By Matthew Dublin
Researchers from China Medical University in Taichung, Taiwan, have released the first compute cloud for virtual screening and de novo drug design that uses data on traditional Chinese medicine. Called iScreen, this cloud computing resource is aimed at exploring traditional Chinese medicine for drug development using the TCM Database@Taiwan, a database of traditional Chinese medicine.
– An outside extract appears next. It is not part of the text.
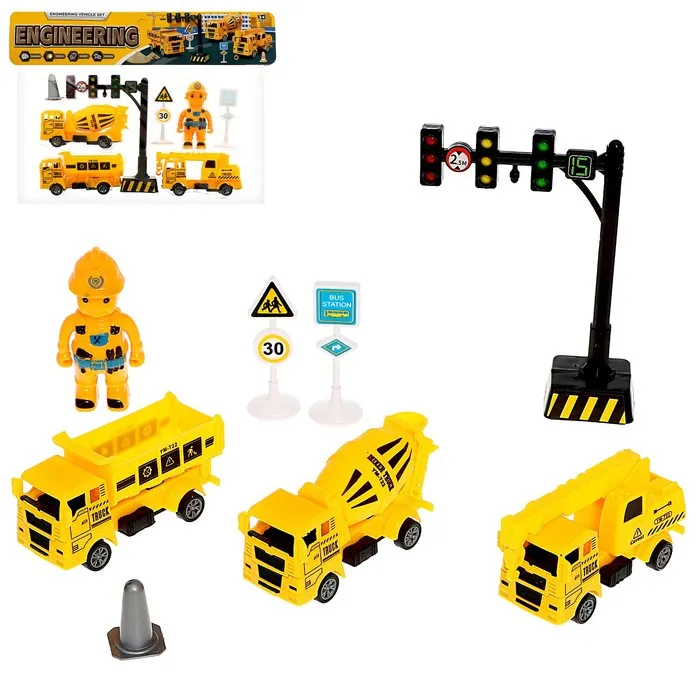 Строительная площадка в миниатюре для юных инженеров! Набор спецтехники с дорожными знаками — это комплект из 3 машинок и аксессуаров для сюжетных игр. Яркие жёлтые модели с подвижными элементами и светофором помогут мальчику от 3 лет создать свою стройплощадку.

For de novo drug design, iScreen provides users with multiple molecular descriptors and a graphical user interface that contains a protein preparation tool that extracts proteins of interest from raw input files and estimates ligand binding site size.
While there are numerous virtual screening Web servers currently online, such as PLANTS, 3DLigandSite, PharmMapper, and DOCK Blaster, iScreen says that it is unique as it is the first to provide a Web-based, computer-aided drug design for both TCM dock and de novo drug design.
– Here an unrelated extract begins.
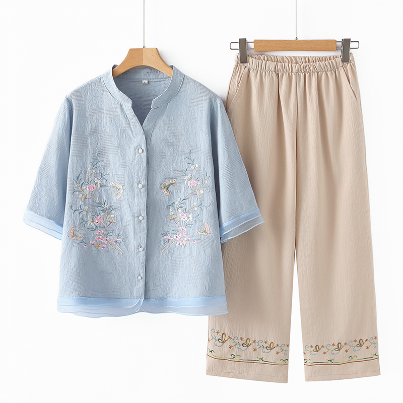 おばあちゃんの夏スーツ、お母さんの夏スーツ、七分袖シャツ、中高年女性のシャツ、夏の新しい中国服

According to an e-mail exchange I had with iScreen developer Calvin Yu-Chian Chen, an associate professor of the School of Chinese Medicine, all three separate program subunits, including the preparation tool, screening system, and de novo design kit, could be operated through iScreen interface, which is built on CentOS. The Web-based interface also incorporates with the queuing system for collecting and sending jobs to the process core.
Chen went to on to add that the most challenging aspect of developing iScreen was bringing the technical aspect of the screen operation to interactive graphical interface. "We aimed to provide a user-friendly system that can perform standard structure-based drug screening as well as more advanced operations," he wrote.
Chen's team is planning to expand iScreen to a VMware ESXi-based hypervisor to allow the user to obtain more computing resources.